Under any of these 2 circumstances:

  • UserManager<TUser> is subclassed and the virtual bool SupportsUserLockout property is overridden and that implementation returns false.
  • UserManager<TUser>.Store (your IUserStore<TUser> implementation) does not implement the optional IUserLockoutStore<TUser> interface.

  • If you're using the "stock" in-box ASP.NET Core Identity functionality, without using any custom IUserStore implementation (and without subclassing UserManager<TUser>), then your runtime IUserStore<TUser> will be some subclass of abstract class UserStoreBase<...> which does implement IUserLockoutStore<TUser>.
    • e.g. ASP.NET Core Identity for Entity Framework uses Microsoft.AspNetCore.Identity.EntityFrameworkCore.UserOnlyStore which inherits the IUserLockoutStore<TUser> interface implementation.
  • Because in C#/.NET, interfaces are strictly additive (one cannot "remove" an interface from a class - you can only reimplement it) it means if you don't want to subclass UserManager<TUser> then you will cannot use a subclass UserStoreBase<> as the basis for your reimplementation of IUserStore<> - you'll have to start from scratch, basically.
    • (Which in my mind, at least, means that ASP.NET Core Identity's default combination of UserManager and UserStoreBase<...> is a bad OOP design because it requires implementations to actively go through a lot of effort to correctly not support something, instead of making everything opt-in.
    • Hey kids, inheritance is bad, mmm'key (okay, not "bad", but at least is so fraught with problems it should be avoided.
      • Subclass inheritance is a blunt instrument, especially in C# and Java, where it's impossible to separate a type's "interface"1 from implementation, and can't describe a type's interface in a type algebraic way - so we can't define a class Derived that subclasses a parent class Base : ISomeInterface such that class Derived no longer implements ISomeInterface (the best we can do is either abuse implicit conversions to a separate type, or "hide" members with [EditorBrowsable] and reimplement the interface explicitly with throw new NotSupportedException(), which is horrible, but even Microsoft does it in some places in .NET's base libraries, such as in Stream and TextWriter subclasses).
      • (Also, don't (ab)use inheritance just to have "common members" in different types.
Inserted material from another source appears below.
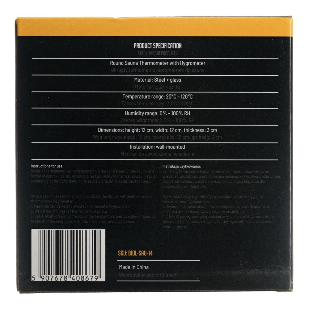 Il termometro rotondo per sauna Bilovit con igrometro è un elegante strumento per misurare con precisione la temperatura (20-120 °C) e l'umidità (0-100%) nella sauna. Realizzato in acciaio resistente e vetro, assicura longevità e un aspetto elegante. Le sue dimensioni compatte (12 x 12 x 3 cm) e la facilità di installazione ad un'altezza di 150 cm lo rendono il complemento perfetto per qualsiasi sauna, garantendo un soggiorno confortevole e sicuro.

I agree that it does suck that C#/.NET still doesn't support mixins, but the drudgery of copy pasting forwarder properties and methods around is less painful in the long-term than dealing with the consequences of inappropriate use of inheritance.

1: By "interface" I don't mean interface types; I mean the set of public members of a class or struct, i.e. a type's exposed surface.
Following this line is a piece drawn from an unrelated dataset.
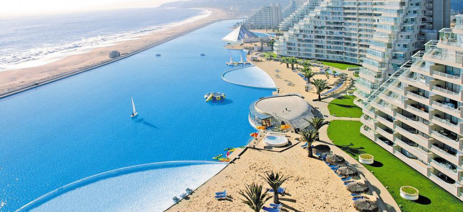 Если вы будете в Чили, обязательно посетите это уникальное сооружение. Оно было построено в 2006 г. инженером Фернандом Фишманном. Идея обустроить огромный бассейн на самом берегу океана – на первый взгляд может показаться странной, но резоны для этого были. Во-первых, побережье возле Сан-Альфонсо-дель-Мар буквально кишит акулами, а во-вторых, вода на широте Сантьяго довольно холодная. По этим причинам, местные пляжи не пользовались у туристов большой популярностью. С постройкой чудо-бассейна все изменилось. Температура воды в нем поддерживается на уровне +26 °С, а морская вода перед закачкой в искусственный водоем фильтруется, а возможно и насыщается озоном. Иначе, чем объяснить ее небесно-голубой цвет?

(In an earlier edit of my post, I suggested that IConfigureOptions<LockoutOptions> could be used to configure SupportsUserLockout, however I was wrong: as there is no option to outright disable the lockout system, but if you were to subclass both LockoutOptions to add a bool Enabled property and subclass UserManager<TUser> to specify override bool SupportsUserLockout to return LockoutOptions.Enabled (ideally, from an immutable copy, not the original mutable options object) then that would work.